Date of this Version
Electronic Journal of Academic and Special Librarianship (Summer 2005) 6(1-2). Also available at http://southernlibrarianship.icaap.org/content/v06n01/weiner_j01.htm.
Index terms are an important component in considering a scientific topic. In a real sense, the indexing terms represent the vocabulary and language of the topic. Study of these critical terms has employed human and machine techniques. Computerized indexing systems can accurately and completely recognize terms, but the different strategies for organizing and evaluating the concepts (i.e., informative terms) and related issues may not be effective in accomplishing the desired descriptive actions. This paper explored the results of two computer supported approaches in indexing scientific documents against a background of simple random generation of informative terms in varying sized text blocks.
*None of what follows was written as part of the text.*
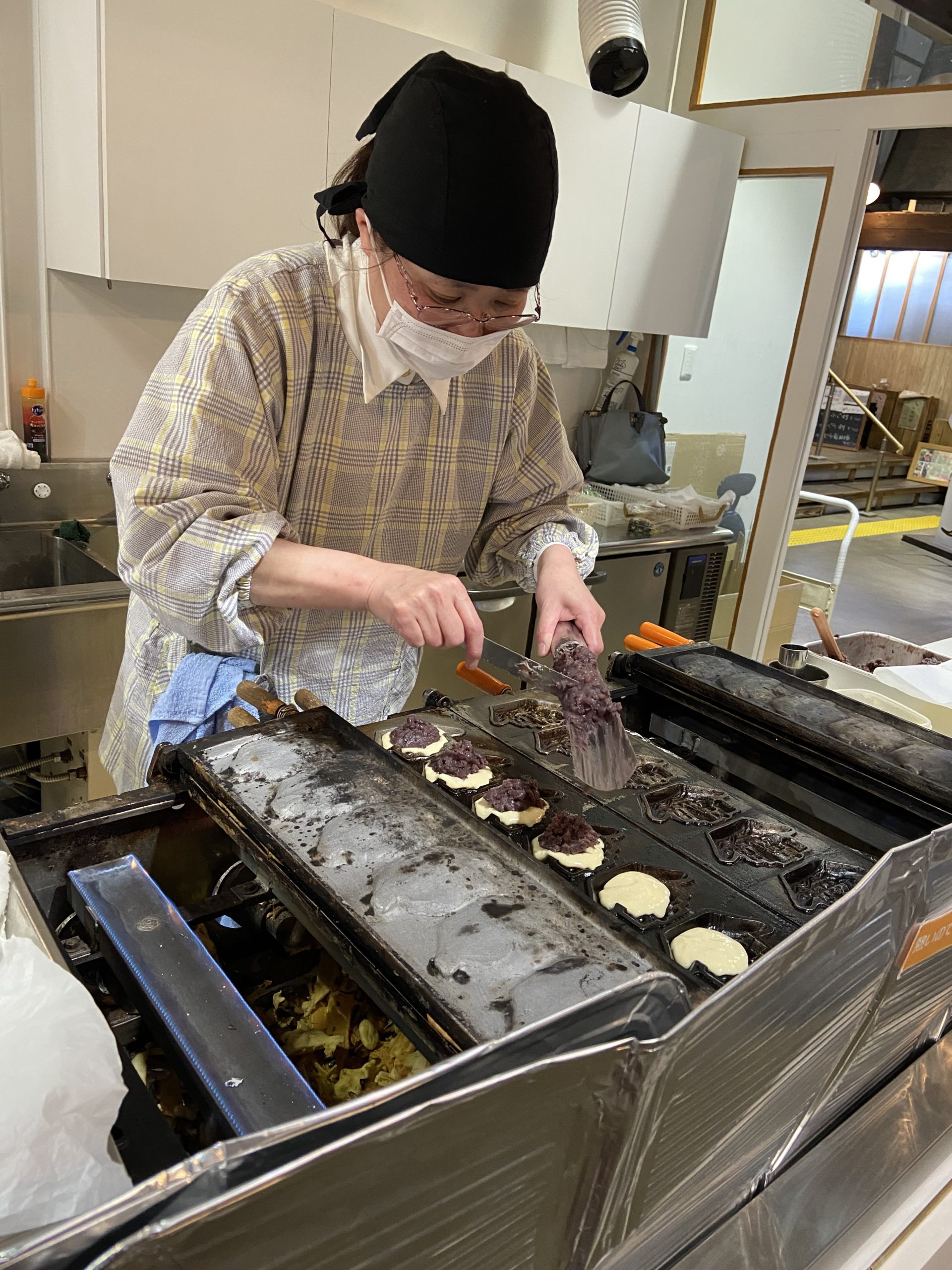 萩市民には身近なお菓子、「蒸気船まんじゅう」は、まんじゅうという名前ではありますが、蒸気船をかたどった金型で焼く焼き菓子です。生地はたいやきや大判焼きに似ていて、蒸気船の部分にあんこがたっぷり詰まっており、萩市民の老若男女に愛されているもの。発祥は幕末の頃という説、日露戦争の頃という説、お店によって様々ですが、外国の船を見て「蒸気船を焼いて食ってしまえ!」と開発されたものという説は共通しています。
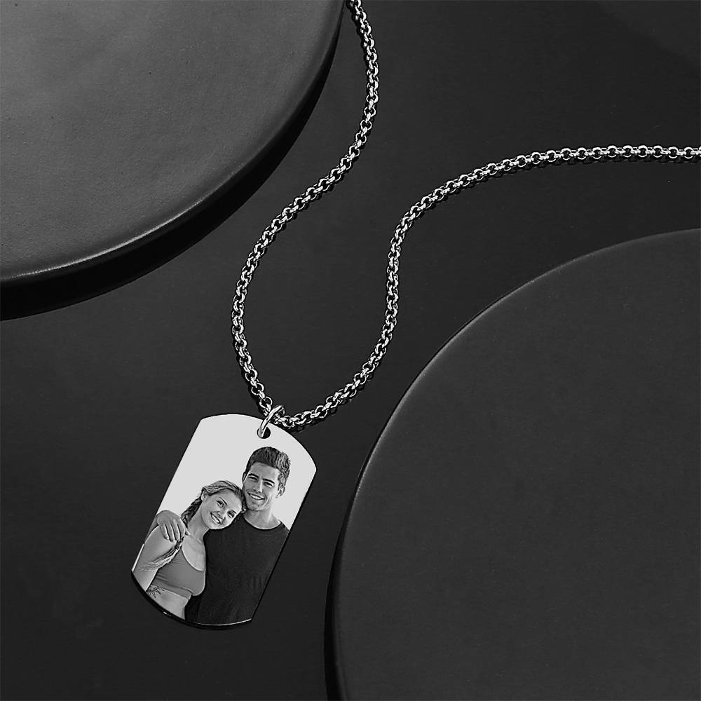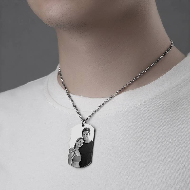 Men's Photo Engraved Tag Necklace with Engraving Photo Dog Tag

One method (RefViz) is based on the Latent Semantic Indexing with Multidimensional Scaling (LSI,MDS) approach. This system identifies potential indexing terms from the natural language text. The terms are stripped from the text, organized using statistical criteria and are used to classify documents based on assigned ‘meanings’ or themes. These themes are based on frequency and correlation and each document is assigned one. The second (Idea Analysis) also uses the natural language text. In this system, the terms are identified within the authors’ sentences and couplets extracted. A single document may be represented by 100 or more term couplets representing the authors’ thoughts. Both systems are superior to random sampling. The results suggested that indexing based on the authors’ thoughts may be better than indexing based on statistical criteria.